Core required: FahCore_a2.exe
[06:20:00] Core found.
[06:20:00] - Using generic ./mpiexec
[06:20:00] Working on queue slot 08 [July 13 06:20:00 UTC]
[06:20:00] + Working ...
[06:20:00] - Calling './mpiexec -np 4 -host 127.0.0.1 ./FahCore_a2.exe -dir work/ -suffix 08 -checkpoint 15 -forceasm -verbose -lifeline 33281 -version 624'

[06:20:00] 
[06:20:00] *------------------------------*
[06:20:00] Folding@Home Gromacs SMP Core
[06:20:00] Version 2.07 (Sun Apr 19 14:29:51 PDT 2009)
[06:20:00] 
[06:20:00] Preparing to commence simulation
[06:20:00] - Ensuring status.

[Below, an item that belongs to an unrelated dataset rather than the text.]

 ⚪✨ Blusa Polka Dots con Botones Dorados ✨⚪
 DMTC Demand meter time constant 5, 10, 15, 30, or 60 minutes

Please wait.
[06:20:01] Called DecompressByteArray: compressed_data_size=4831120 data_size=23973957, decompressed_data_size=23973957 diff=0
[06:20:01] - Digital signature verified
[06:20:01] 
[06:20:01] Project: 2669 (Run 14, Clone 166, Gen 38)
[06:20:01] 
[06:20:02] Assembly optimizations on if available.
[06:20:02] Entering M.D.
[06:20:12]  on if available.
[06:20:12] Entering M.D.
[06:20:22] Completed 0 out of 499999 steps  (0%)
[06:20:29] CoreStatus = 1 (1)
[06:20:29] Sending work to server
[06:20:29] Project: 2669 (Run 14, Clone 166, Gen 38)
[06:20:29] - Error: Could not get length of results file work/wuresults_08.dat
[06:20:29] - Error: Could not read unit 08 file. Removing from queue.
Error repeats at same location after same WU is repeatedly issued and downloaded. Performed restart of computer. Did not help.

Re: Project: 2669 (Run 14, Clone 166, Gen 38)

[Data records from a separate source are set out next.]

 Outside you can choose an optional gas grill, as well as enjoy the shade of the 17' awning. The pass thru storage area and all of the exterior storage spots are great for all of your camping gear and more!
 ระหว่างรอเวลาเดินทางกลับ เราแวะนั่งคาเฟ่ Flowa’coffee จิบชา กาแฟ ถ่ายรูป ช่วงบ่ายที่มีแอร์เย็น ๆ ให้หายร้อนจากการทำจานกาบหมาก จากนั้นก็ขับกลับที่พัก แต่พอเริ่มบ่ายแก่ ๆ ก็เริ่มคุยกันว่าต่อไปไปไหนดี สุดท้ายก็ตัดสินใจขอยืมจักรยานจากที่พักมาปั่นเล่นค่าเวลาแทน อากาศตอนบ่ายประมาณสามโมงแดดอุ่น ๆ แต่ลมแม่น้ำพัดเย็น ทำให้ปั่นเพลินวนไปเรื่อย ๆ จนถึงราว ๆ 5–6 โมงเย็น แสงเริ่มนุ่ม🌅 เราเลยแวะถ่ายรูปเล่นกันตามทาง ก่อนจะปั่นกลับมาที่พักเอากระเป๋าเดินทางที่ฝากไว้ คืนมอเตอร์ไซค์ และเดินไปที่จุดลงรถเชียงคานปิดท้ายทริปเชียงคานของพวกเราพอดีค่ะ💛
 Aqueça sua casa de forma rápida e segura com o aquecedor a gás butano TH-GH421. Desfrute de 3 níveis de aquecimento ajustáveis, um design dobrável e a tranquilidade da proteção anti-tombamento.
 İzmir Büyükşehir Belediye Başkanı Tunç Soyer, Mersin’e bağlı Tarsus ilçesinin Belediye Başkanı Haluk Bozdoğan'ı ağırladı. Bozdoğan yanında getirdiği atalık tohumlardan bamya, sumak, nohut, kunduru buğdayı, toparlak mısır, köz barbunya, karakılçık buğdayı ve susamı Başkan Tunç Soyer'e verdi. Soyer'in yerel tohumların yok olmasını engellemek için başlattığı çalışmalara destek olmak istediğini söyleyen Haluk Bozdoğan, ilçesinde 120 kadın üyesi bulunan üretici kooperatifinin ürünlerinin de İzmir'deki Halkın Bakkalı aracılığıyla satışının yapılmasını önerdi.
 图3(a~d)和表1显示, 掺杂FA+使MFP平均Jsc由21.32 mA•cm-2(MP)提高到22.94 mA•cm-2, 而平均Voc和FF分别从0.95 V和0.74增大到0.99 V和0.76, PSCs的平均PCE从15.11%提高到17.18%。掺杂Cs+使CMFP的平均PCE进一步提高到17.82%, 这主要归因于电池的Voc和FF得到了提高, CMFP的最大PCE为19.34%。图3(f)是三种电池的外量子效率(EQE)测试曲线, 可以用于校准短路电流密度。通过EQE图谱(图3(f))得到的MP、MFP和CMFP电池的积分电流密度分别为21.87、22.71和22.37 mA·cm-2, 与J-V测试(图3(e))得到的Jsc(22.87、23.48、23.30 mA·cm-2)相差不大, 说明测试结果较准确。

Posted: Mon Jul 13, 2009 8:32 pm
by susato
Running the client with the -delete xx flag should help. (In InCrease, add it to the Extra Arguments field in Launch Preferences.

If you have to change your machineID to get rid of it, use Commands > Edit Unit Configuration in InCrease, or if you are using the Console client on its own, run it with the -configonly flag from the Terminal window.